Meurtre de Bourganeuf : des zones d'ombre subsistent au deuxième jour du procès
« Il y a pas mal de choses incohérentes, incomplètes », pointe le ministère public, au terme d’une nouvelle matinée d’audiences, ce mardi au tribunal de Guéret. Car si tous les témoignages s’accordent à dresser le portrait d’un homme « gentil, serviable, honnête, discret, courageux » quant à l’accusé - face à celui moins flatteur de la victime (lire ci-dessous) - une zone d’ombre persiste encore au deuxième jour du procès : où le coup mortel à la carotide gauche a-t-il été porté ? Dans la pièce principale de l’appartement ? Dans le hall d’entrée ? Anthony Marchand n’a jamais changé sa version des faits, ne se « souvenant » déjà pas d’autant de coups portés à Nicolas Nivet. Cynthia, son ex-compagne, à la barre ce mardi matin, a les mêmes souvenirs confus quant au déroulement tragique de la soirée.
« C’était mon Nicolas, je l’ai eu 37 ans »
Une enfance heureuse à Aubusson puis une vie qui commence à mal tourner à l’adolescence. Il n’a pas que des défauts, Nicolas Nivet, d’ailleurs, « ce n’est pas son procès », insiste la présidente quand ses parents puis son ex-compagne témoignent à la barre. Mais il a des zones d’ombre et un caractère un peu difficile. « Il n’aimait pas être commandé », « il ne lâchait pas l’affaire ». Et puis, il y avait l’alcool, la drogue et ce « regard de tueur », « un regard noir » quand il avait bu. Un homme qui pouvait rabaisser les autres. Mais c’était aussi « un bon père qui s’occupait bien de ses enfants », des trois garçons qu’il avait eus avec sa compagne comme des deux enfants de celle-ci. C’était aussi et d’abord un fils : « C’était mon Nicolas, je l’ai eu 37 ans et en une nuit, j’ai plus rien », lâche sa mère.
Seuls le début et la fin de celle-ci semblent cohérents avec le rapport présenté par un expert en morpho-analyse de sang qui détaille « six zones possibles de commissions de violences : deux dans la pièce principale et quatre dans le hall ». « Il se passe quelque chose d’actif près de la porte ». Est-ce dans ce hall qu’a été porté le coup mortel ? Et les dix coups portés après, dont certains dans le dos ? C’est bien ce qui questionne la cour depuis le premier jour des audiences.
Un trou noir, « un vrai carnage »Un trou noir dans l’enchaînement qui a conduit à un « vrai carnage » : ces mots sont ceux de l’infirmière arrivée la première sur les lieux, rapportant une « dame hystérique, couverte de sang de la tête aux pieds, la victime à qui un individu faisait le point de compression. Il était calme. Je ne pensais pas que c’était lui le meurtrier. Il m’a dit qu’il avait vu rouge ».

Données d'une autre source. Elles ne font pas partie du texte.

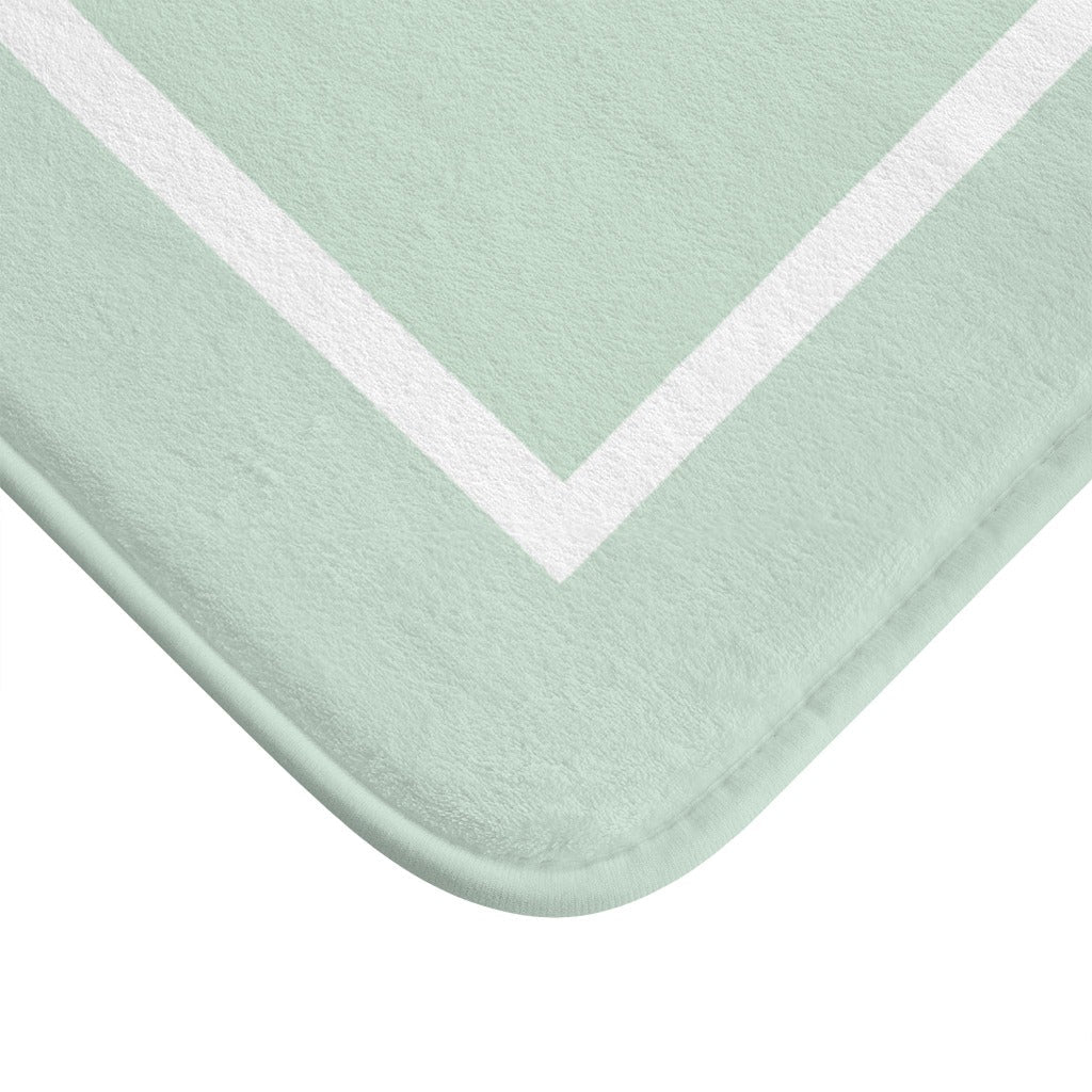 Ultrasoft Plush Sage Green Bath Mat With White Rectangle

À ce « black-out », la psychiatre qui a rencontré Anthony Marchand à la prison de Guéret un mois et demi après les faits avance deux options : « Il se rappelle de coups de couteau mais pas d’un acharnement de violence. […] Soit il préfère ne pas se souvenir, il réécrit l’histoire, soit c’est réellement quelque chose de défensif ». « Quand on a peur de mourir, qu’est-ce qu’il se passe au niveau du cerveau ?, l’interroge Maître Viennois, avocat de la défense. Est-ce qu’il peut y avoir d’éventuelles disjonctions du système émotionnel ? ». « Il n’y a pas de règle, répond la psychiatre. Chacun a sa propre réaction en fonction de sa vie, de son passé. »

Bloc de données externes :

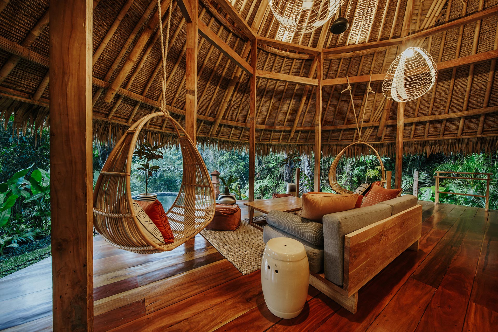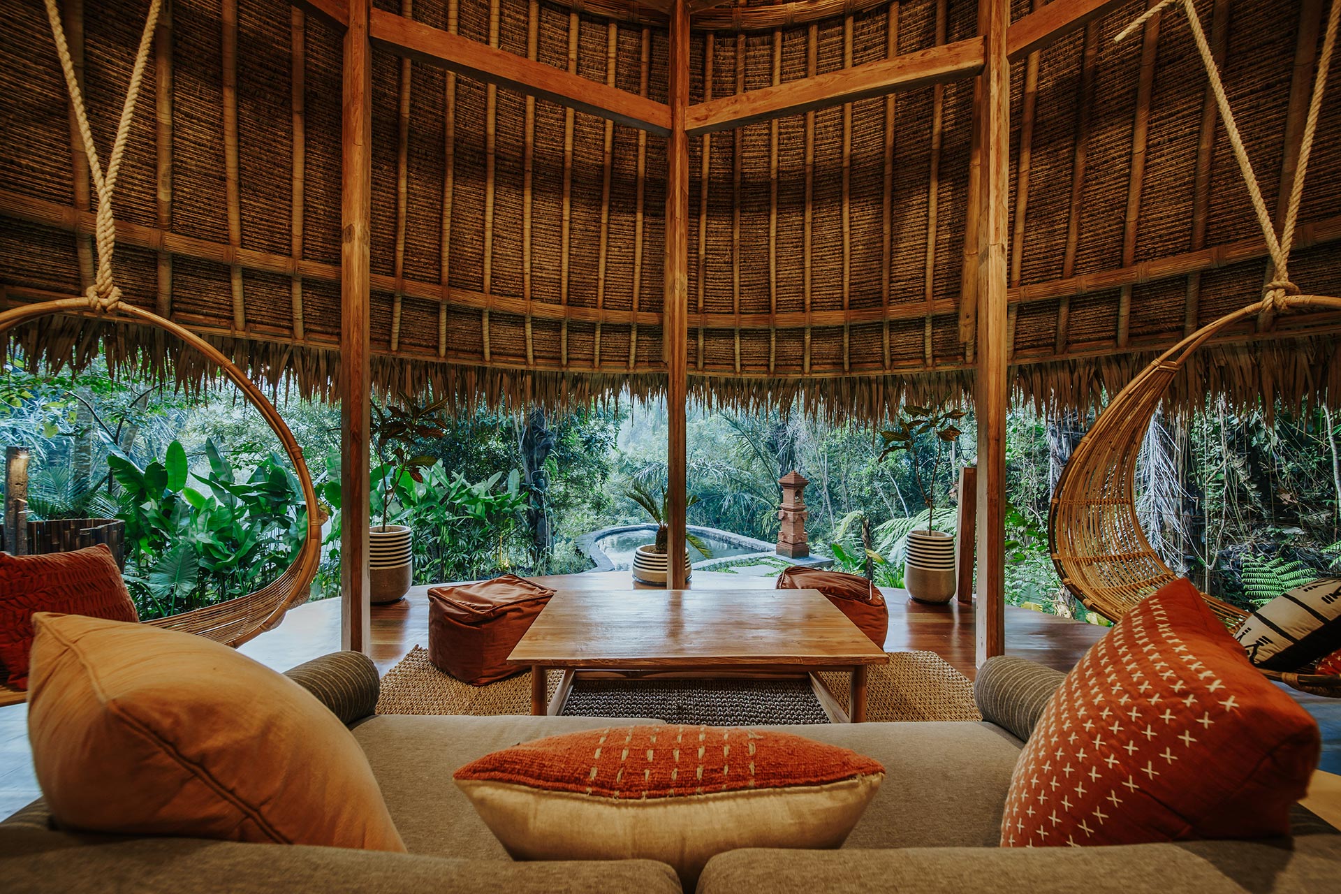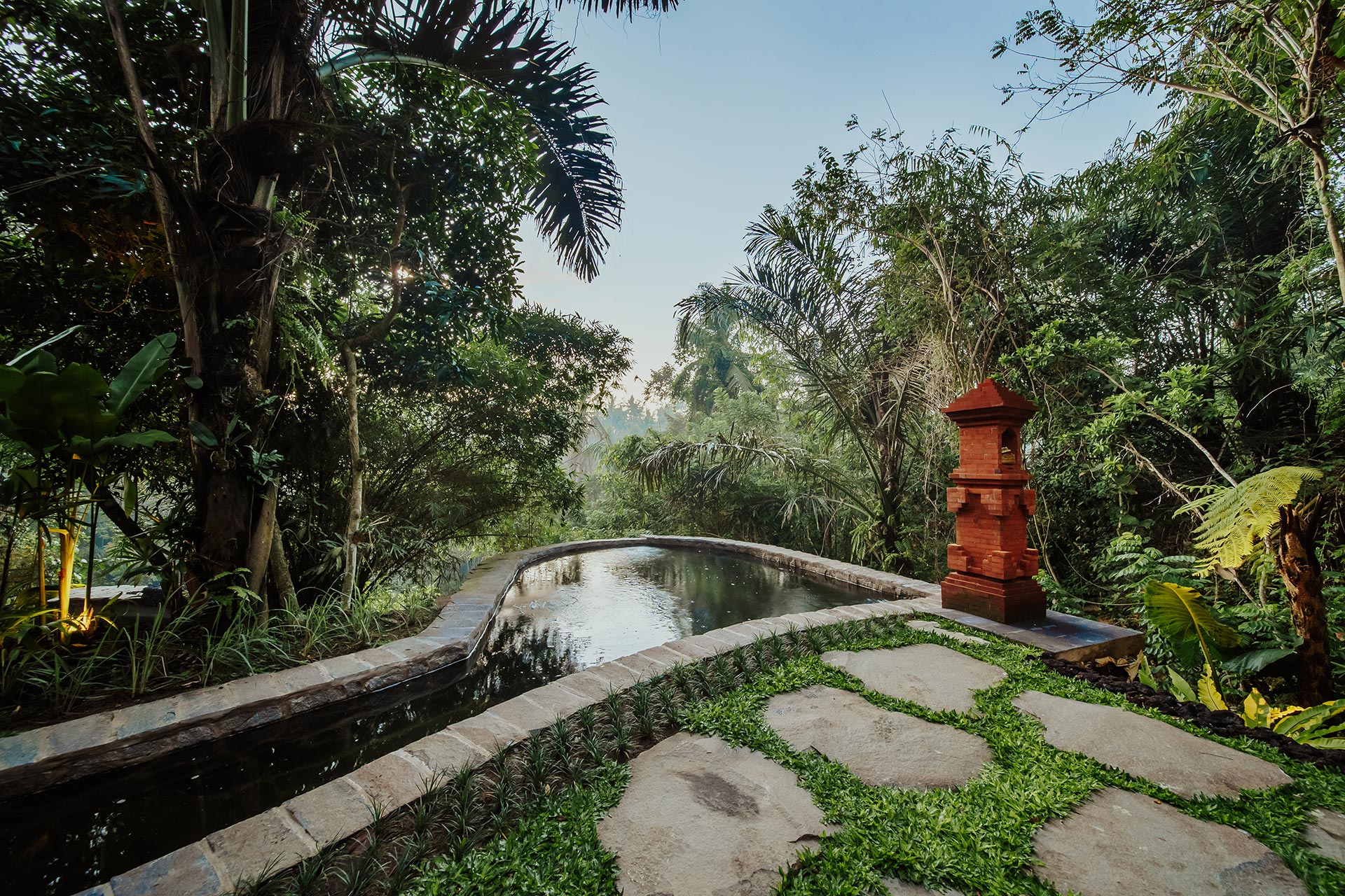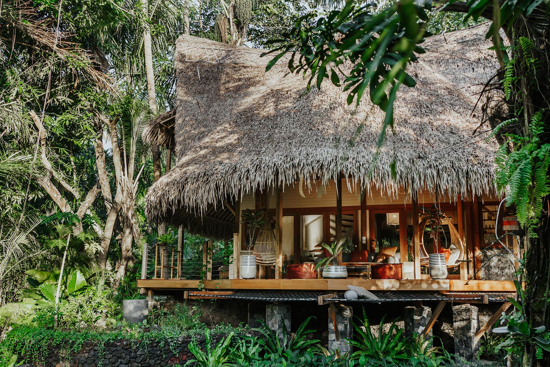 2nd Villa – Eco village is one example of beautiful eco friendly villas complex located in rural area called Sibang, nearby Kul Kul Farm and Bali Green School. The concept is very inspiring, which is more plants than buildings. Large trees which are native to the area still maintained around the villas so that the atmosphere is very cool. Most of the building materials are made of wood and bamboo, the roof made from alang-alang and they have a natural pool concept. Here are some best photos that we shot.

« Je ne suis pas un monstre »Ce trou noir interroge la cour depuis la veille : « Une telle plaie (celle de la carotide gauche, N.D.L.R.), c’est comme un tuyau d’arrosage et ces traces, on ne les retrouve pas dans le salon mais dans l’entrée », dit la présidente. « J’ai toujours dit que je m’en souvenais pas », répète Anthony Marchand. « Ça ne vous fait pas peur ces trous noirs ? » « Je ne suis pas un monstre, répond-il. Même si les faits pour lesquels je suis là prouvent le contraire, je ne suis pas un homme violent à la base. Je voulais juste que ça s’arrête. » « Vous aviez peur pour qui ce soir-là ? » « Ben, pour tout le monde. Si je meurs, il se passe quoi après ? Même si ma vie n’a pas toujours été simple, j’y tiens. À mes enfants, à ma femme. Après, c’est même pas un choix. On n’a pas deux heures pour se poser et réfléchir ».